Le juge va donc contrôler les congés délivrés afin non seulement de vérifier que les règles de formes ont été respectées, mais encore et surtout que les règles d’ordre public n’ont pas été détournées par le bailleur pour reprendre son bien. En conséquence, les juges du fond peuvent contrôler la réalité de l’intention de reprendre le logement pour en faire une résidence principale. Ce contrôle est réalisé d’office par la juridiction saisie d’un contentieux d’une telle nature.
L’application de ces dispositions légales protectrices suscite un certain contentieux.
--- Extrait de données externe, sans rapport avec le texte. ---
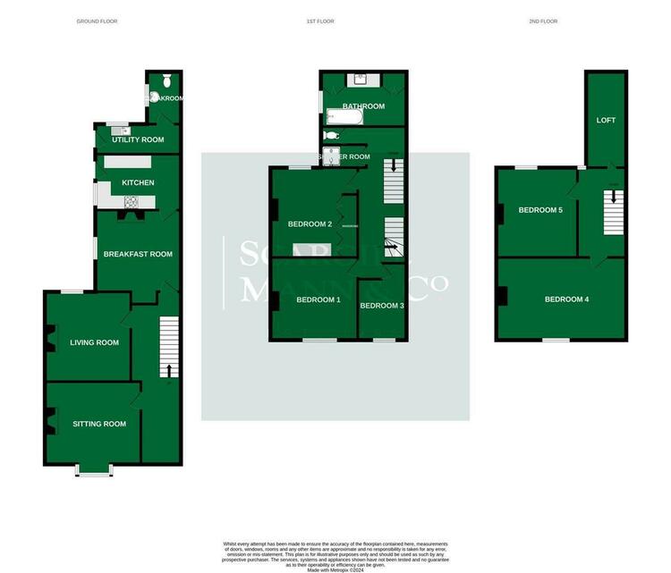 On the first floor are two double bedrooms, a single bedroom, a large bathroom, separate w.c. and a separate shower. On the second floor are two further double bedrooms and a loft access point.
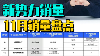 11月新势力销量:鸿蒙智行领先零跑,小鹏蔚来理想都没过4万辆

Les juges doivent donc évaluer chaque situation afin de déterminer si les éléments apportés par le bailleur sont suffisants pour justifier la reprise.
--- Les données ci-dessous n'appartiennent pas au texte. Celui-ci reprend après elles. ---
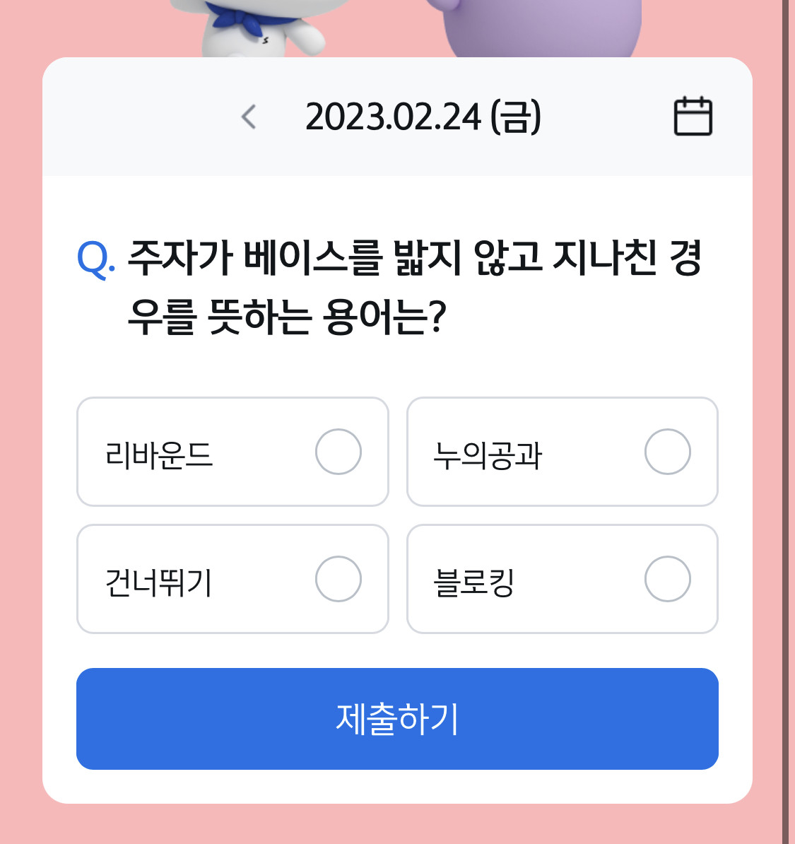 주자가 베이스를 밟지않고 지나친 경우를 뜻하는 용어는?
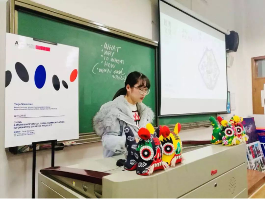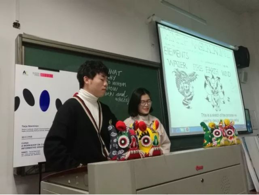 短短五天的时间里,同学们从收集资料,头脑风暴再到确立选题和进行进一步的绘制与创作。如此紧迫的时间里,很多同学熬夜到两三点来为今天的汇报做准备,部分同学甚至还在最后制作出来了实物成品。同学们的创作激情和工作效率也在这几天中淋漓极致的展现了出来,这当然也离不开Tarja教授的悉心指导和帮助。

D’une obligation pour le preneur d’apporter la preuve du caractère frauduleux du congé délivré par le bailleur, l’on en vient à une obligation pour le bailleur de justifier que le congé qu’il a délivré est animé par sa volonté réelle et sérieuse de résider dans le local concerné. In fine, il y a donc une inversion de la charge de la preuve depuis la loi ALUR4.
Enfin, ce contrôle peut être réalisé a priori ou a posteriori. Ainsi, le juge sera saisi soit avant le départ du locataire soit après.
Quelles sont les sanctions et conséquences d’un congé jugé frauduleux ?
Si les juges estiment que le congé a été délivré frauduleusement, il prononce certaines sanctions automatiquement (I). D’autres sanctions sont prononcées en fonction de leur appréciation souveraine (II). Mais cette appréciation souveraine est à géométrie variable (III).
I – Des conséquences principales
Il est rappelé que pour juger qu’un congé est frauduleux, les juges du fond se réfèrent à un faisceau d’indices qui lui permettent de conclure que la volonté du bailleur n’est pas sérieuse ou frauduleuse5. Cette appréciation est souveraine.
Une fois le congé jugé frauduleux, la sanction automatique est l’annulation du congé.
C’est ainsi que, à titre d’exemple, le 6 septembre 2016, la cour d’appel de Paris6 a jugé un congé pour reprise frauduleux, et, en conséquence, a « annul[é] le congé donné par la SCI »7.
Mais les conséquences de cette sanction principale et automatique sont logiquement différentes en fonction du type de contrôle effectué par le juge : le contrôle a priori ou a posteriori. Si, pendant des années, la question de la possibilité de contrôler a priori le caractère frauduleux d’un congé s’est posée, la Cour de cassation s’était positionnée clairement en 2003 en sa faveur, par un arrêt de principe8.
Surtout, la dernière mouture de la loi de 1989 a consacré cette possibilité et même l’obligation pour le juge de contrôler le congé même si le preneur est resté dans les lieux.
Pour rappel en effet, le juge peut parfois effectuer un contrôle a priori des motifs du congé délivré, parfois un contrôle a posteriori ; cela à la discrétion essentiellement du preneur. Mais le bailleur lui-même peut diligenter une procédure afin de faire valider son congé et, subséquemment, faire ordonner l’expulsion du locataire et tous les occupants de son chef.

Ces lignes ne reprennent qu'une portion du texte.